Hace unos 25 años, un grupo de profesionales -jóvenes por entonces- llevamos adelante un programa de educación electoral en zonas rurales que tenía como uno de sus mensajes centrales “mandatario significa mandato”.
Con esa breve frase intentamos explicar el significado de la representación política y el valor del voto. Si vas a elegir alcalde, regidor, congresista o presidente –un mandatario- le vas a dar un mandato; un mandado, dirían nuestros abuelos. Por lo tanto, quien resulte elegido tiene que cumplir con ese mandato y dar cuentas del cumplimiento del mismo.
La fórmula que empleamos puede simplificar en extremo el concepto político de la representación, pero no es falsa. Si bien los congresistas no tienen mandato imperativo, tienen la responsabilidad de representar los intereses de sus electores y de la Nación en general. Lo mismo aplica para todas las autoridades en los tres niveles de gobierno. Por alguna razón es que se exige un plan de gobierno como requisito para competir en las elecciones; las propuestas y promesas no pueden ser un mero formalismo.
Quienes lean esta columna pueden ayudarme a recordar si algún candidato o candidata se comprometió en campaña a dar marcha atrás en la reforma universitaria, en la reforma del transporte o en la erradicación de la corrupción. Yo recuerdo que, más bien, ofrecieron lo contrario.
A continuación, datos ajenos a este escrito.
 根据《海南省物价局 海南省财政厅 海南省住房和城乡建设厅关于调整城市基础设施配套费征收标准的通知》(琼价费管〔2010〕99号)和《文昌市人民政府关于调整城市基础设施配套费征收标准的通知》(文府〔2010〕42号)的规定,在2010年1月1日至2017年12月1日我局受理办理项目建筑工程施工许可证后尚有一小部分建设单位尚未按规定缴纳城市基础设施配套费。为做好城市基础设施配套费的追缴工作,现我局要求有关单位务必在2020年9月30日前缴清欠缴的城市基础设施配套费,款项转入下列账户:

Es por eso que me atrevo a afirmar que cuando la mayoría de congresistas vota a favor de proyectos de ley para que las universidades que no aprobaron el licenciamiento sigan funcionando o se niega a censurar a un ministro que autoriza el transporte informal e infernal, lo que hace es traicionar el mandato que sus electores le dieron y pone por encima los intereses de grupos de poder que se mueven entre la ilegalidad y la mafia.
Lamentablemente, esa es la forma de actuar y de votar de una mayoría de congresistas que atraviesa todo el abanico parlamentario, desde la extrema derecha hasta la extrema izquierda, salvo valiosas excepciones.
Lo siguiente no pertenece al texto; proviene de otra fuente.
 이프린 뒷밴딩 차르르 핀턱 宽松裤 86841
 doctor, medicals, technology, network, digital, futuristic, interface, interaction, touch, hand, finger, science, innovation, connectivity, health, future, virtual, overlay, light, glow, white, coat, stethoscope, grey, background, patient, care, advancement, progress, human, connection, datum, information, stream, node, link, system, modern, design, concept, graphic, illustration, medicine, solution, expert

Una conducta similar encontramos en el poder ejecutivo. El presidente de la República y la mayoría de ministros y ministras que en sus primeros seis meses designó parecieron olvidar el compromiso de combatir la corrupción –pequeña y grande- que arrastramos hace décadas. Toleraron, además, el cuoteo, los acomodos y la falta de méritos para ejercer la función pública y callaron ante el machismo y el abuso en las altas esferas del poder, en algunos casos bajo el argumento de que había que pelear desde adentro. Bien por los que salieron por propia voluntad hartos de ese mal proceder.
La promesa de cambio se ha visto reducida a una rotación acelerada de nombres y rostros, pero no de programas, políticas, estrategias y formas de ejercer el poder.
Ni el congreso ni el gobierno han sabido hasta el momento honrar la palabra empeñada, responder al mandato que se les dio y mucho menos cumplir con los compromisos que incluso firmaron.
Como suele suceder en estos casos, apelamos una vez más a la sociedad civil para que logre un nuevo rumbo en la política nacional. Pero la sociedad civil también se cansa, se frustra. No son pocos los activistas y líderes sociales que -nuevamente en la calle- comparten la inquietud por lo que vendrá después ¿Más frustración?.
Las organizaciones de sociedad civil no tienen la posibilidad de acceder al poder, eso está reservado para los partidos políticos. Por tanto, aunque la movilización ciudadana fuese fuerte y consistente como lo ha sido en determinados momentos, la responsabilidad principal está en las organizaciones políticas y sus líderes.
Son los partidos políticos los que debieran asumir -todos- su cuota de responsabilidad en esta crisis como paso primero para superarla. Pero -lamentablemente- en ninguno de ellos se ha visto ni escuchado autocrítica ni propósito de enmienda.